## YOUR GOAL
The data below is to be written out exactly, with no pictures.

## EXERCISE INPUTS
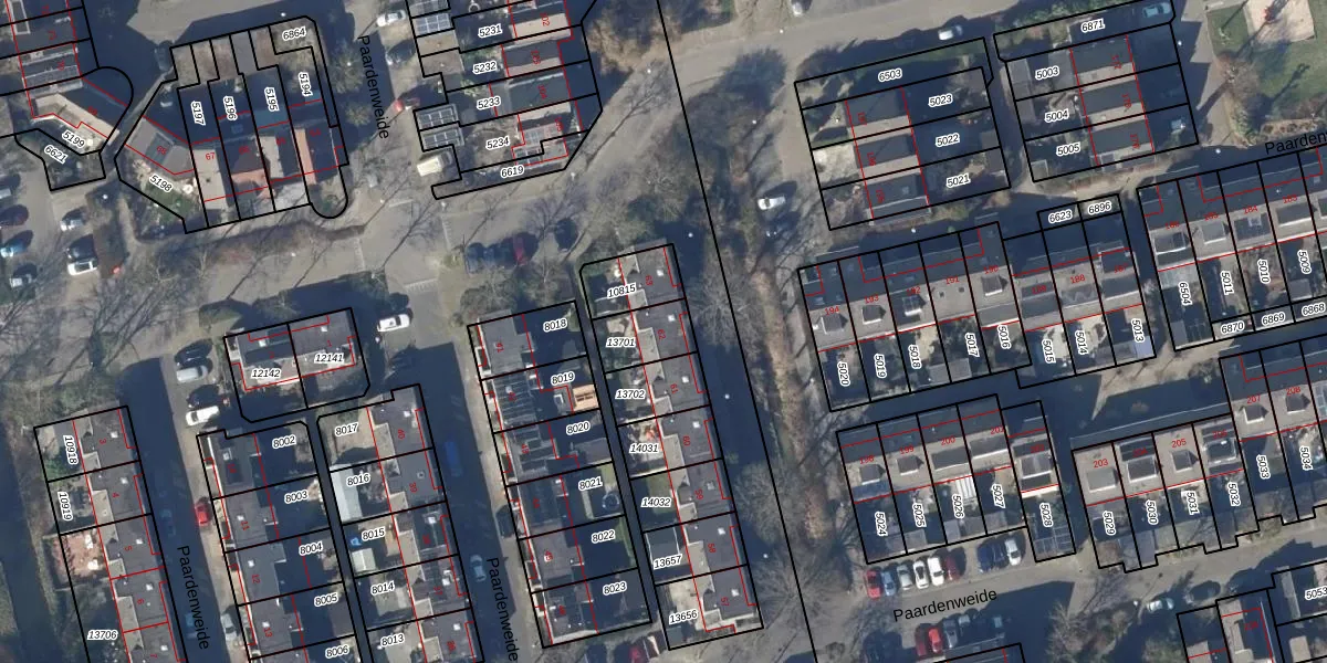 Het perceel waarop Paardenweide 62 staat heeft een oppervlakte van 123 m². Dit is een middelgroot perceel. De perceeloppervlakte wordt geregistreerd door het Kadaster. Gedetailleerde informatie over de maten van dit perceel kunt u vinden in het rapport Kadastrale kaart met maatvoering van Paardenweide 62.
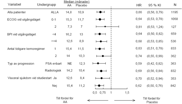 AA= abirateronacetat, BPI=Brief Pain Inventory, C.I.=konfidensintervall, ECOG=Eastern Cooperative Oncology Group Performance Score, HR=riskkvot, NE=kan ej bedömas
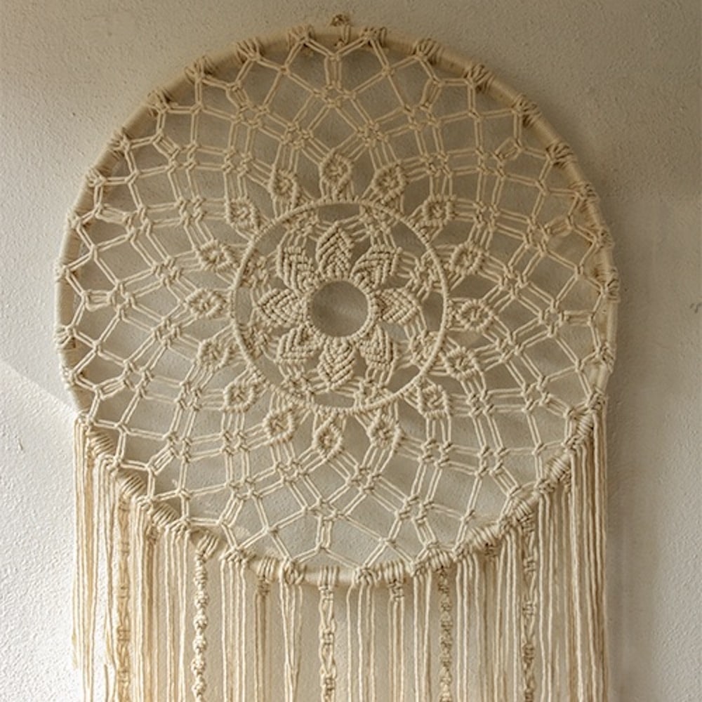 A dreamcatcher is considered a sacred hoop and keeps away bad dreams. Macrame dreamcatcher is made of biodegradable cotton thread. The product will add artist touch to your decor with its intrinsic design. Each knot is carefully crafted by ace artisan and boast of perfection. The piece can embellish your reading corner, bedroom as well as living space.
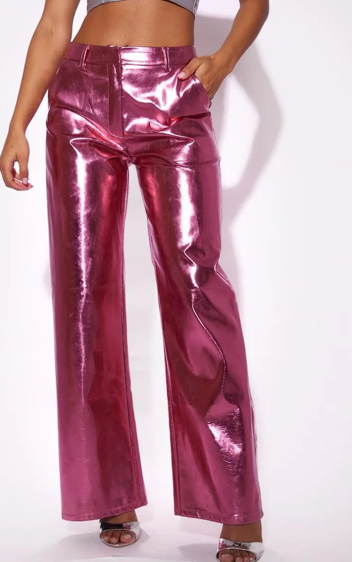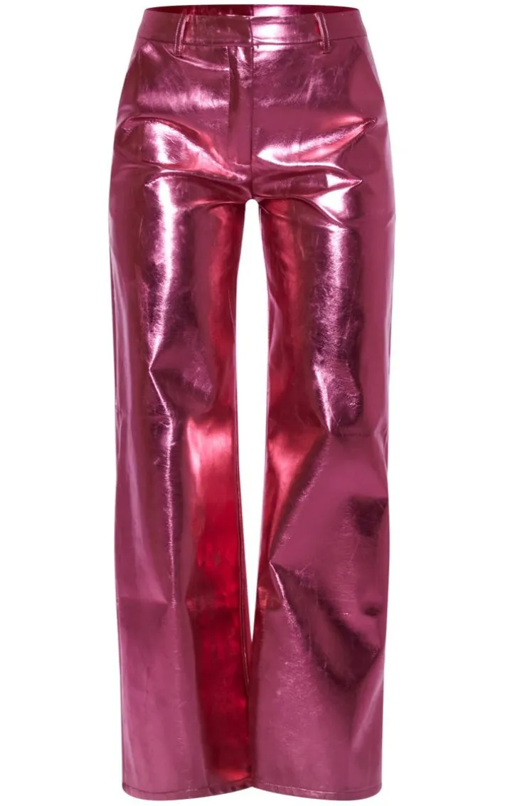 Get ready to have all eyes on you with this pink metallic faux leather straight leg tailored pants. Brought to you in a pink metallic faux leather material with a straight leg design, what’s not to love? With its tailored fit, you’ll sure to earn all the likes with this dreamy piece. Finish off the look by pairing this with a statement bandeau top and your fave heels. It’s a yes from us.
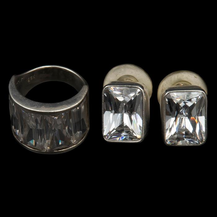 Anillo y par de aretes con simulantes en plata .925.

## EXERCISE RESULT
 Het perceel waarop Paardenweide 62 staat heeft een oppervlakte van 123 m². Dit is een middelgroot perceel. De perceeloppervlakte wordt geregistreerd door het Kadaster. Gedetailleerde informatie over de maten van dit perceel kunt u vinden in het rapport Kadastrale kaart met maatvoering van Paardenweide 62.
 AA= abirateronacetat, BPI=Brief Pain Inventory, C.I.=konfidensintervall, ECOG=Eastern Cooperative Oncology Group Performance Score, HR=riskkvot, NE=kan ej bedömas
 A dreamcatcher is considered a sacred hoop and keeps away bad dreams. Macrame dreamcatcher is made of biodegradable cotton thread. The product will add artist touch to your decor with its intrinsic design. Each knot is carefully crafted by ace artisan and boast of perfection. The piece can embellish your reading corner, bedroom as well as living space.
 Get ready to have all eyes on you with this pink metallic faux leather straight leg tailored pants. Brought to you in a pink metallic faux leather material with a straight leg design, what’s not to love? With its tailored fit, you’ll sure to earn all the likes with this dreamy piece. Finish off the look by pairing this with a statement bandeau top and your fave heels. It’s a yes from us.
 Anillo y par de aretes con simulantes en plata .925.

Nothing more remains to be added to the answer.